Doctor as Data Entry Drone


Craig Klugman

Publish date

December 28, 2016

by Craig Klugman, Ph.D.

Most people choose to go into the health professions to help others, to make a secure living, and to challenge themselves on a daily basis. Few people would rank “doing paperwork” as a reason to choose a career in health. However, according to a new study in the Annals of Internal Medicine, paperwork in the form of electronic health records (EHR) might be the activity on which doctors spend the most time. According to Sinsky et. al, who conducted direct observations, motion studies, and self reports of 57 physicians in 4 specialties in 4 states, doctors spent over 49% of their time on record keeping and 27% on direct patient care.

Two decades ago, physicians only spent one-fifth of their time on record keeping. A 1998 study of emergency departments found 21% of time was spent on records and 32% on patient care. As recently as 2014, another study found that administrative work occupied only one-sixth of physician time. This same study also found that the more time spent on administration, the less happy physicians were in their work. Perhaps this is one reason for the dramatic decline in physician satisfaction of their work life. The trend is clear: Doctors are spending less time with patients and more time with computer records.

The main move to electronic health records came about as part of the Affordable Care Act. A provision in the ACA aimed to “reducing paperwork and administrative costs” began in October 2012: “Using electronic health records will reduce paperwork and administrative burdens, cut costs, reduce medical errors and most importantly, improve the quality of care.” As Sinsky et al’s study demonstrates, the actual effect has been an increase in paperwork and administrative burdens.

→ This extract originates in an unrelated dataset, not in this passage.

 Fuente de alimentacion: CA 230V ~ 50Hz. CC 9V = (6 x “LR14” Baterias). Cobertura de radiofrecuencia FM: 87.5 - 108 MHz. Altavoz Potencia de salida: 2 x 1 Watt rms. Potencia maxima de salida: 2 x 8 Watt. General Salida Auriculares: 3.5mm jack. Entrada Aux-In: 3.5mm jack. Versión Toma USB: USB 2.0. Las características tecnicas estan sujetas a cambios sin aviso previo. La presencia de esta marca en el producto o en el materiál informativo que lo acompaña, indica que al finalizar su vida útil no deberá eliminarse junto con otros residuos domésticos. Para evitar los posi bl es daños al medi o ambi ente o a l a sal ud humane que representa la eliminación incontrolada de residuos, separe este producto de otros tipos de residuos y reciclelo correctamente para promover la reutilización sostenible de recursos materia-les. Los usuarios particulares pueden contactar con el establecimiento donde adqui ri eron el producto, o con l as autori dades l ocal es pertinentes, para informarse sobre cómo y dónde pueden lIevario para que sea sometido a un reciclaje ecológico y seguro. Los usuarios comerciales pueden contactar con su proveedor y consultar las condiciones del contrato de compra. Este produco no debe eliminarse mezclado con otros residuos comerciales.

With more doctors seeing fewer patients, the net effect has to be an increase in costs.

Such a change in how doctors spend their day seems staggering. Consider that the average cost of medical school is $280,000 (private) or $207,000 (public) plus a minimum of 7 years post-college education and we have some of the most highly skilled, highly paid, highly in-debt professionals in our society spending nearly half of their time shuffling electronic paper. Is this is a wise use of physician time and expertise? That suggests that 2 of the 4 years in medical school should be spent on learning how to manage electronic paper. Consider that physicians and their time are a limited health care resource. The AAMC projects a shortage of 61,000-95,000 physicians in the next ten years. Perhaps if more time was available to care for patients, the shortage would not be quite as acute.

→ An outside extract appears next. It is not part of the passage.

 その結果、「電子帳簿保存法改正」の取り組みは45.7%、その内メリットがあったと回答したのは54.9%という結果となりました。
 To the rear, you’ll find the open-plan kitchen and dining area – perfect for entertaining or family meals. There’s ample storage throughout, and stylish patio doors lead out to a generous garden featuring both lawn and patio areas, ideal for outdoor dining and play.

Sinsky’s analysis suggests that the emphasis on electronic records has not been a boon to medical care. However, the intent of such records was not only about time and money, but also to reduce errors and improve care. In most cases, it has not been long enough since EHRs are in widespread use to see how they will change patient care. What studies do exist seem mixed. The government’s IT website suggests many ways that EHRs will improve quality of care: diagnosis, efficiency, improved compliance, reduced liability. But they do not offer many empirical studies that support these noble visions. EHRs are not a panacea, and at least one study suggests that there may actually be new types of medical errors (diagnosis, complicated treatment, medication errors, poor implementation, outdated information (copy and paste of information), privacy and access) that appear when one relies on such record systems.

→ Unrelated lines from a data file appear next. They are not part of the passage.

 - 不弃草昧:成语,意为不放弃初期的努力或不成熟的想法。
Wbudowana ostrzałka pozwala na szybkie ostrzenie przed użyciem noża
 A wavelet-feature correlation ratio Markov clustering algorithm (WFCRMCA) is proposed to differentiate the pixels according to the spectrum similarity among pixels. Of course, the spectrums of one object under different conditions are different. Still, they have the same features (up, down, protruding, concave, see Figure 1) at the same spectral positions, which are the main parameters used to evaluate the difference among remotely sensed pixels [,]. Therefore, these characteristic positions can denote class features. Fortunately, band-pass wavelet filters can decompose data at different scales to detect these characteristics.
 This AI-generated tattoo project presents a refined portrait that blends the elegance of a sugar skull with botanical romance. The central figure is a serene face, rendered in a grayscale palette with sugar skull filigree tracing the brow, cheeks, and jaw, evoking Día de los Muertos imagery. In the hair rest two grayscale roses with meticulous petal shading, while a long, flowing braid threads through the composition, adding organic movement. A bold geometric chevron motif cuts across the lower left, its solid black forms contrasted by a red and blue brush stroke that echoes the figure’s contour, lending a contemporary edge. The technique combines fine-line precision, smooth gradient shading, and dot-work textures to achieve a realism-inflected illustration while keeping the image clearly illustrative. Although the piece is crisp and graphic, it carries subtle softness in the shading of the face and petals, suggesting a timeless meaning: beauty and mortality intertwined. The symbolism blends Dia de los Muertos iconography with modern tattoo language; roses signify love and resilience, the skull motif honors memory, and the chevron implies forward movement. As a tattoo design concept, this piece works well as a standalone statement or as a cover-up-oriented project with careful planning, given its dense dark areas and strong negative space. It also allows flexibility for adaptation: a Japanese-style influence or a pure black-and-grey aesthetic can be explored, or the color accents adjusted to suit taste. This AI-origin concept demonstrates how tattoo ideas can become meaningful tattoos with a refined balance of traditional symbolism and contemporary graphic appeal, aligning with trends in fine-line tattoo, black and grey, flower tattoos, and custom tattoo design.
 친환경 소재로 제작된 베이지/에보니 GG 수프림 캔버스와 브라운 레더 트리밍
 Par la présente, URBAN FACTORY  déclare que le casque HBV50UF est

Studies from voluntary adoption of EHRs (before required by the ACA) suggest that such systems do not improve quality of care in ambulatory settings. Even physicians do not perceive an improvement in quality of care as a result of EHRs.

I do not want to suggest that we should abandon EHRs and go back to paper records. That ship has sailed and in the future, big data analytics may provide better care and fewer errors. However, the system as it is exists is imperfect and needs improvement to achieve these ends. The possible good cannot come at the expense of removing physicians from patient care to becoming data entry drones. Beyond technological improvements, we need to add EHR design and use to the medical school curriculum, and to rethink the workflow that has decreased the amount of time doctors spend with patients and tripled the amount of time they spend in recordkeeping. In a rush toward technology as a cure to woes, we must not forget the human element of doctors, nurses and other health care providers. There is an obligation to provide for a good quality of work environment for these highly trained professionals. Nothing less than our national health is on the line.